:: RECORDED DATA

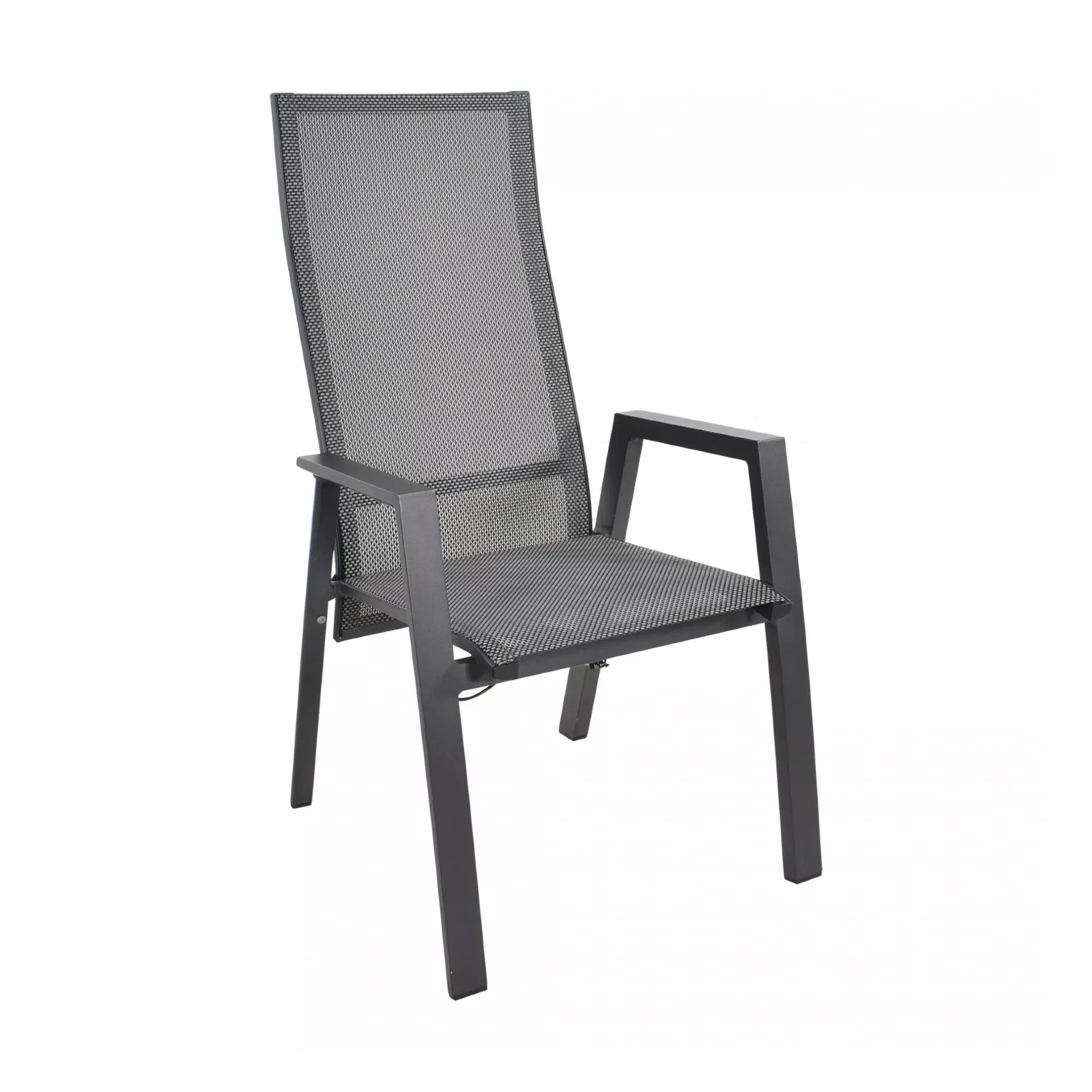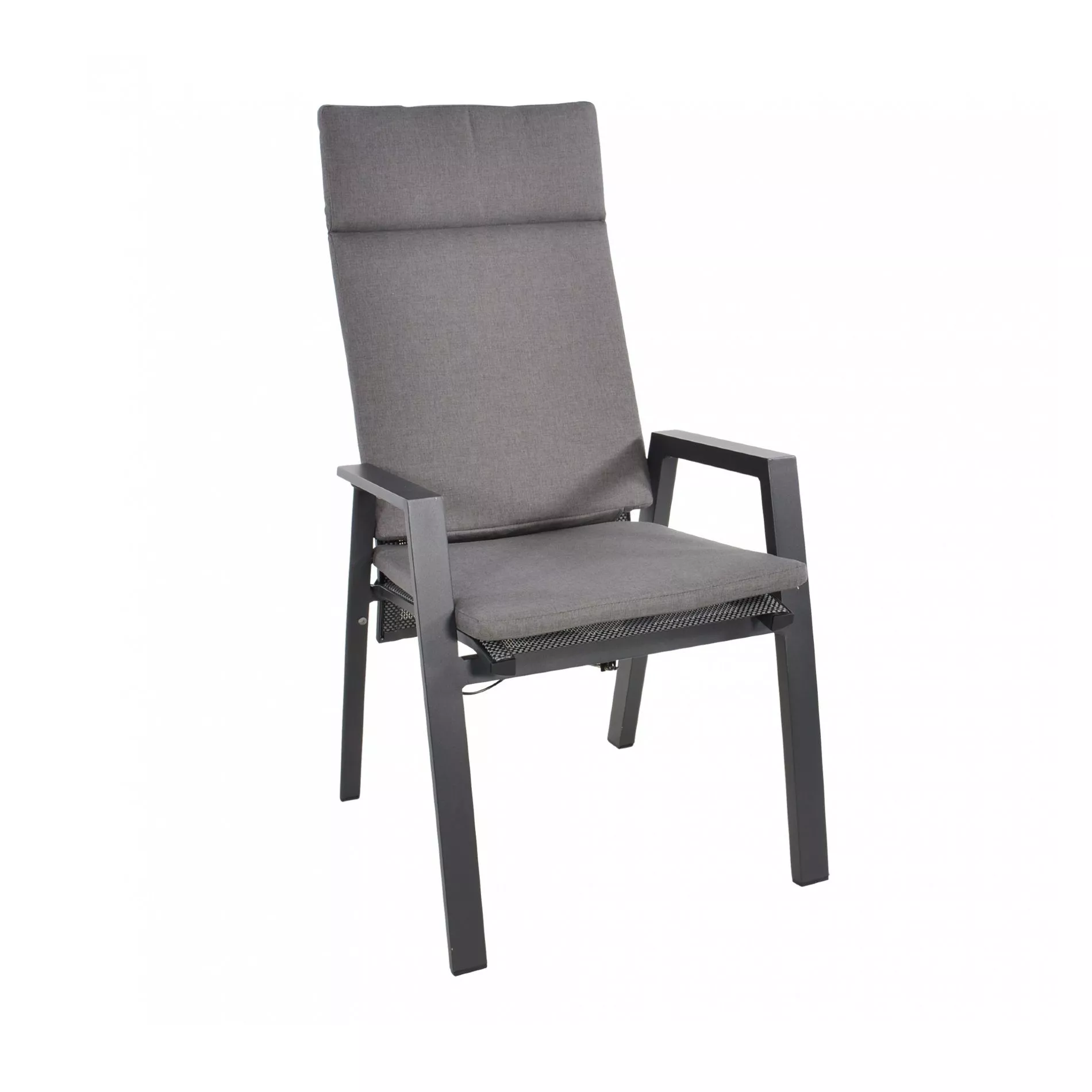 Die Sitz- und Rückenfläche der Gartenstühle verfügt über eine Bespannung aus hochwertigem Textilen in der Farbe schwarz/grau. Es ist extrem wetterfest, reißfest und bleibt auch bei großer Beanspruchung formstabil. Ein super Plus ist die leichte Reinigung, da der Sessel keiner besonderen Pflege bedarf. Das Material reagiert gegenüber Temperaturschwankungen unempfindlich und ist optimal für den Einsatz im Freien geeignet
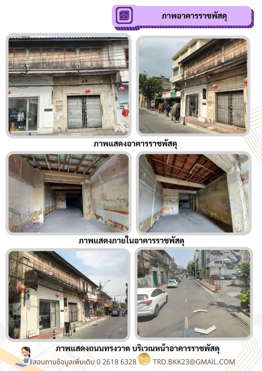 4. แปลงอาคารถนนทรงวาด เปิดประมูลสิทธิการเช่าอาคารราชพัสดุ บริเวณถนนทรงวาด เขตสัมพันธ์วงศ์ (บริเวณชั้น 1) เลขที่อาคาร 1067 เป็นอาคารราชพัสดุย่านเมื่องเก่าที่มีศักยภาพเติบโตสูง ขนาดพื้นที่ใช้สอย 90.40 ตารางเมตร ติดถนนทรงวาด ทำเลค้าขาย คนเดินผ่านตลอดวัน นักท่องเที่ยวไทย-ต่างชาติสัญจรตลอดปี รายล้อมแหล่งท่องเที่ยว คาเฟ่ และวัฒนธรรม อาทิ ไซน่าทาวน์ ตลาดน้อย เป็นโอกาสทองของธุรกิจยุคใหม่บนเสน่ห์เมืองเก่า เหมาะกับร้านอาหาร คาเฟ่ บาร์ สินค้าไลฟ์สไตล์
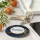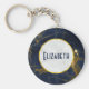 En nyckelkedja med modern elegant marmor blå och guld. Överst är en cirkel med faux guld-folie gräns med personlig inuti.
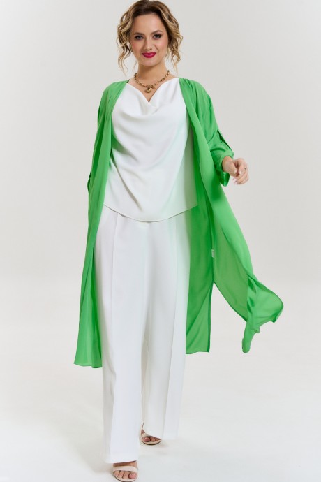 Брючный костюм SOVA 11221 тройка белый, зеленый

::::

* _TASK DESCRIPTION_
Each line from the one containing "4. แปลงอาคารถนนทรงวาด เปิดประมูลสิทธิการเช่าอาคารราชพัสดุ" through the last line of the listing is to be given again exactly, with no pictures and no other lines.

* _COMPLETED TASK_
 4. แปลงอาคารถนนทรงวาด เปิดประมูลสิทธิการเช่าอาคารราชพัสดุ บริเวณถนนทรงวาด เขตสัมพันธ์วงศ์ (บริเวณชั้น 1) เลขที่อาคาร 1067 เป็นอาคารราชพัสดุย่านเมื่องเก่าที่มีศักยภาพเติบโตสูง ขนาดพื้นที่ใช้สอย 90.40 ตารางเมตร ติดถนนทรงวาด ทำเลค้าขาย คนเดินผ่านตลอดวัน นักท่องเที่ยวไทย-ต่างชาติสัญจรตลอดปี รายล้อมแหล่งท่องเที่ยว คาเฟ่ และวัฒนธรรม อาทิ ไซน่าทาวน์ ตลาดน้อย เป็นโอกาสทองของธุรกิจยุคใหม่บนเสน่ห์เมืองเก่า เหมาะกับร้านอาหาร คาเฟ่ บาร์ สินค้าไลฟ์สไตล์
 En nyckelkedja med modern elegant marmor blå och guld. Överst är en cirkel med faux guld-folie gräns med personlig inuti.
 Брючный костюм SOVA 11221 тройка белый, зеленый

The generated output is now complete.